In the Commons, Ed Miliband said they made a nonsense of George Osborne's claim that he was targeting people "still asleep, living a life on benefits", while their neighbour went to work.

He said: "It's the factory worker on the night shift, it's the carer who looks after elderly people around the clock and it's the cleaner who cleans the Chancellor's office - while his curtains are still drawn and he's still in bed."

But David Cameron hit back, insisting low-paid people were better off overall, because of the sharp rise in the sum earned before income tax kicks in - to £9,205 next April, from just £6,475, when the Coalition came to power.

James Wharton, the Conservative MP for Stockton South, poured scorn on Labour's prediction that the so-called "strivers' tax" would cost him his seat, in 2015.

According to the House of Commons library figures, there are 7,100 families receiving tax credits in Stockton South - far more than than the slender Tory majority of just 332.

Mr Wharton said: "With the personal allowance being increased, working people on lower incomes will pay less tax and keep more of their money.

"I think most people will agree that, when wages in the private sector and public sector have faced years of freezes, it is right that we restrict the increase to benefits payments to one per cent."

Turning the tables, Mr Wharton added: "Voters in Middlesbrough South and East Cleveland who work hard and pay their taxes will wonder why Labour wants to increase benefits when everyone faces a freeze."

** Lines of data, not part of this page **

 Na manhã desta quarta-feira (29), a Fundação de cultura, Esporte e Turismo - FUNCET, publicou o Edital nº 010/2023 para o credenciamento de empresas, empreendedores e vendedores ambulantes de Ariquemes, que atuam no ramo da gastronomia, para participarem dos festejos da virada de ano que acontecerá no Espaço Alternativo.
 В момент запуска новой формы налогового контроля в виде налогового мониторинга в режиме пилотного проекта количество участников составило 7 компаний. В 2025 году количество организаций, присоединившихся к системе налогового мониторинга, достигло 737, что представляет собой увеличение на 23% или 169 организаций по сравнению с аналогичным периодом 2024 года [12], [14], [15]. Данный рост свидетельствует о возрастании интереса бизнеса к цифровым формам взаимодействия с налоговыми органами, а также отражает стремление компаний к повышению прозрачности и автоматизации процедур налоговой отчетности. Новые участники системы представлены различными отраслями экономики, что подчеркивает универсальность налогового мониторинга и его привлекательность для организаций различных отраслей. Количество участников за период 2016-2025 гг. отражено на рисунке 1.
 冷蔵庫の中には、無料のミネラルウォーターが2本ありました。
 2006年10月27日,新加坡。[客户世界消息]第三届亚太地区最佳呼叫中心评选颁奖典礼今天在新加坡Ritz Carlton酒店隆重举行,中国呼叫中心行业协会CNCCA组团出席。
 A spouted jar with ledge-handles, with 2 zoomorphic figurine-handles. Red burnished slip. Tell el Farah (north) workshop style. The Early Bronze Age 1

In that constituency, held by Labour with a majority of just 1,677, a total of 6,600 families receive tax credits and face a real-terms cut, the figures show.

The largest number of recipients is in Washington and Sunderland West (8,200), followed by Middlesbrough (8,100), Scarborough and Whitby (8,000) and Darlington and Stockton North (both 7,900).

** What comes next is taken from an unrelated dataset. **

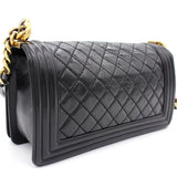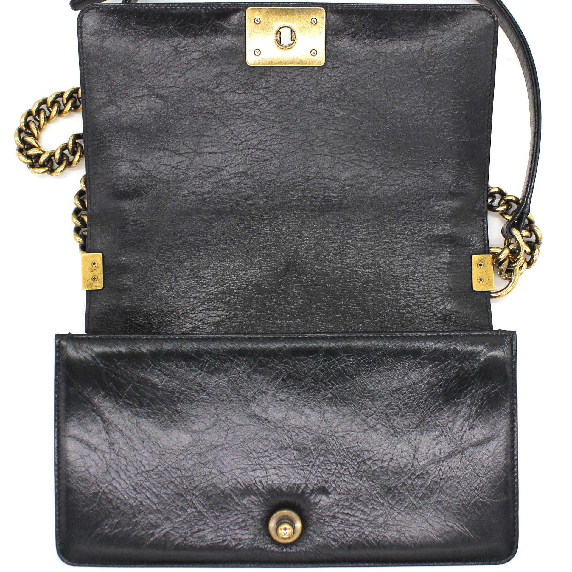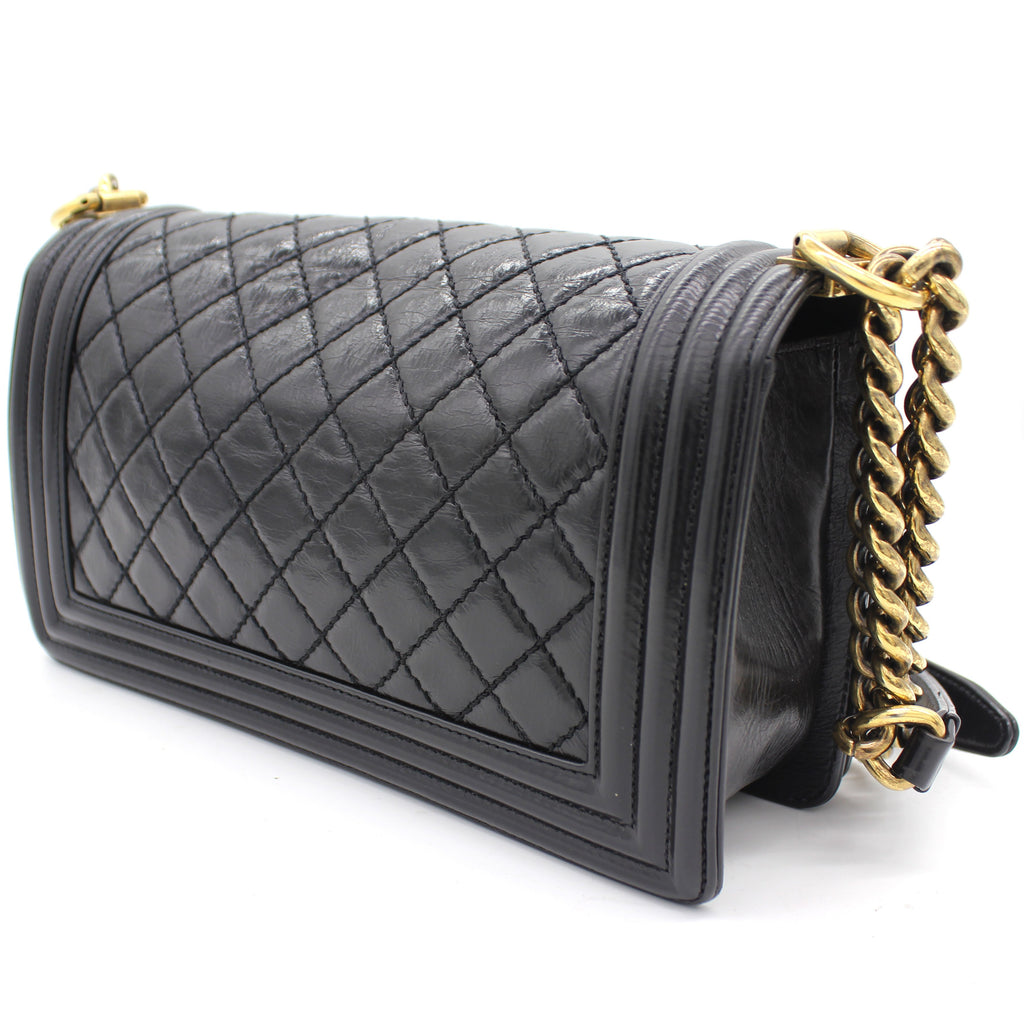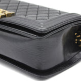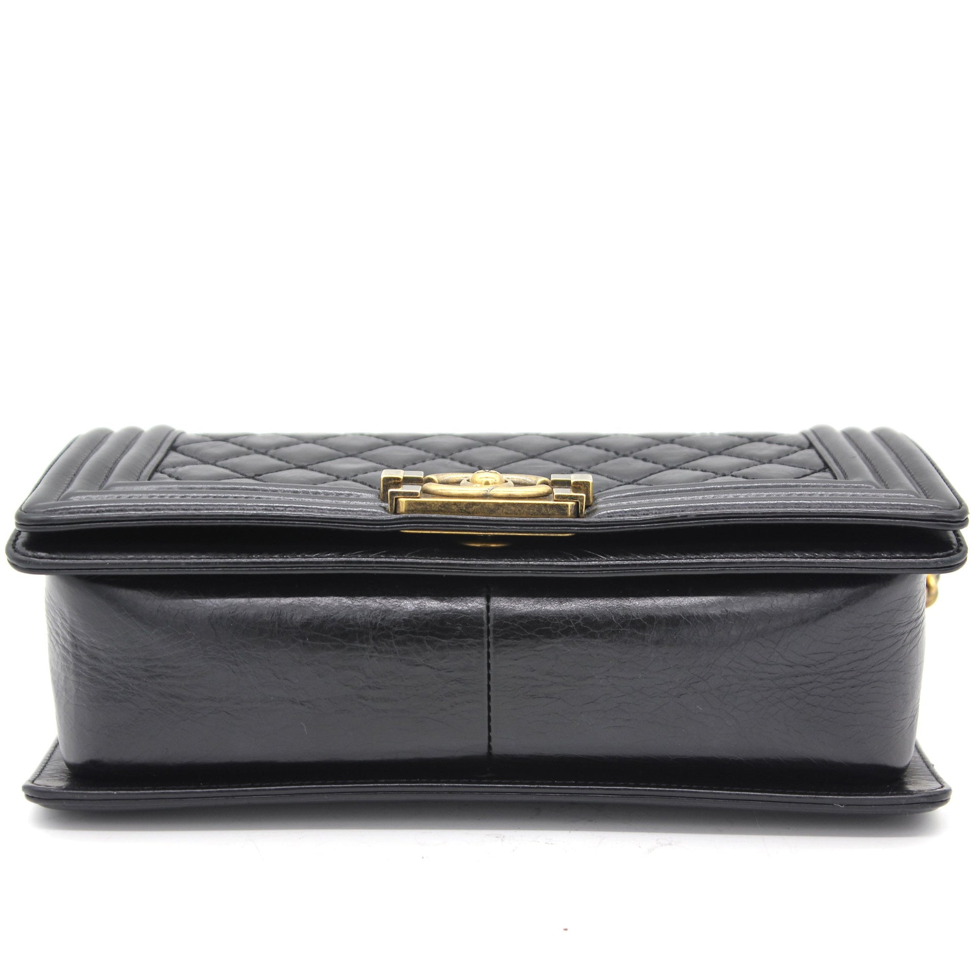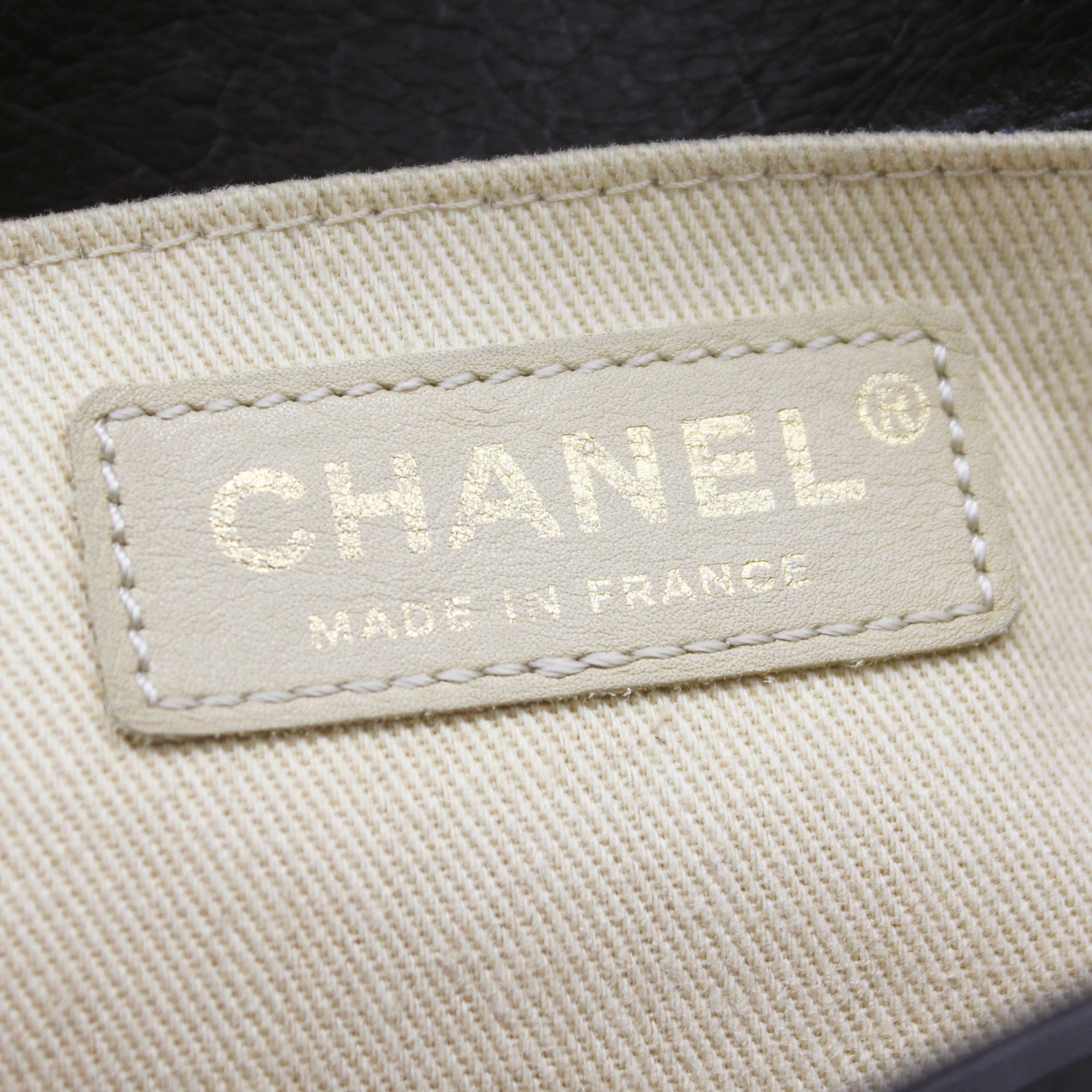 Exterior Material: Glazed Black quilted leather with gold-tone hardware, chain-link shoulder strap and CC push-lock closure at front flap. Interior Material: Beige fabric lining with one main compartment and one single slip pocket at wall. Accessories: Dust Bag;

The clash followed Labour's decision to vote against the one per cent cap in a crunch vote next month, a decision that both main parties believe could determine the general election result.

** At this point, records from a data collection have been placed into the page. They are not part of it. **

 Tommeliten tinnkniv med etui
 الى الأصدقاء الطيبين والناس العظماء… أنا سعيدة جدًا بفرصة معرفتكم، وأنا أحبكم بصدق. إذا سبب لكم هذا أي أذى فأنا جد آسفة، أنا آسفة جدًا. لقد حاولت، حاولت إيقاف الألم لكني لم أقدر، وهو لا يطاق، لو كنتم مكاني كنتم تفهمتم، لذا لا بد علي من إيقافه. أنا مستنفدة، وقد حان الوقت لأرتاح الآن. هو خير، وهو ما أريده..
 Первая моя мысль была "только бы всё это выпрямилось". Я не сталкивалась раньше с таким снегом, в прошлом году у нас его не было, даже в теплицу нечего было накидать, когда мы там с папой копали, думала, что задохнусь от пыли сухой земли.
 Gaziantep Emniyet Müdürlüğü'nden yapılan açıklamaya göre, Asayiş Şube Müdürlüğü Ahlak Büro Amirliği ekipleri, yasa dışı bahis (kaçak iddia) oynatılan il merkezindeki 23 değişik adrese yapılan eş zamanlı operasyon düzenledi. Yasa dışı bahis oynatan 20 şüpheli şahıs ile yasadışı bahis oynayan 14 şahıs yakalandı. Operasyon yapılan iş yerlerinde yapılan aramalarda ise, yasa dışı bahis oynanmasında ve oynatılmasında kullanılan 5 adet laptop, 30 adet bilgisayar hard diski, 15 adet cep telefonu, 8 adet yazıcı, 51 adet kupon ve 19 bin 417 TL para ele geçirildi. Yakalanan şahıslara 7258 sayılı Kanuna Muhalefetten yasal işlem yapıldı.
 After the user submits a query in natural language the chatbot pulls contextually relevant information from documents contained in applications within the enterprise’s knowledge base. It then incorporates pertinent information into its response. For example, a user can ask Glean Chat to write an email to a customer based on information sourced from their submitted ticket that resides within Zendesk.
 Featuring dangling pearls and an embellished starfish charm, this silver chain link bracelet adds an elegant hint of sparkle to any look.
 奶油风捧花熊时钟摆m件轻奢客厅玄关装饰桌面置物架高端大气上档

Kevan Jones, Labour MP for North Durham, told The Northern Echo the one per cent cap was among measures that were leaving the North-East behind in a "two-speed Britain" - but also that it would "rouse the British sense of fairness".

He said: "Throughout the many hard-pressed areas of the UK, wages are often low and the work is too often part-time, meaning that many rely on benefits to top-up their income.

"On the whole benefits are not funding lifestyles of closed curtains and widescreen TVs. They are a way of keeping many hard-working families’ heads above water."

The Conservatives are cock-a-hoop, confident that Labour has fallen into its trap of refusing to get tough with benefit bills that - the polls show - voters are demanding should be cut.

The proportion of people who want more spending on welfare has plunged to 28 per cent, down from 35 per cent when the recession began - and from 58 per cent in 1991, according to one survey.

But Labour believes the public can be won over by the evidence that 60 per cent of families hit by the one per cent cap - including 161,900 across the North-east and North Yorkshire - are in-work households.

The party also cited an Institute for Fiscal Studies (IFS) study that found the average one-earner couple will be £534 a year worse off, by 2015.

But Mr Cameron rejected the figure, telling Mr Miliband: "We are lifting the personal allowance, we are taking millions out of tax and we are standing up for those who work. He only stands up for those who claim."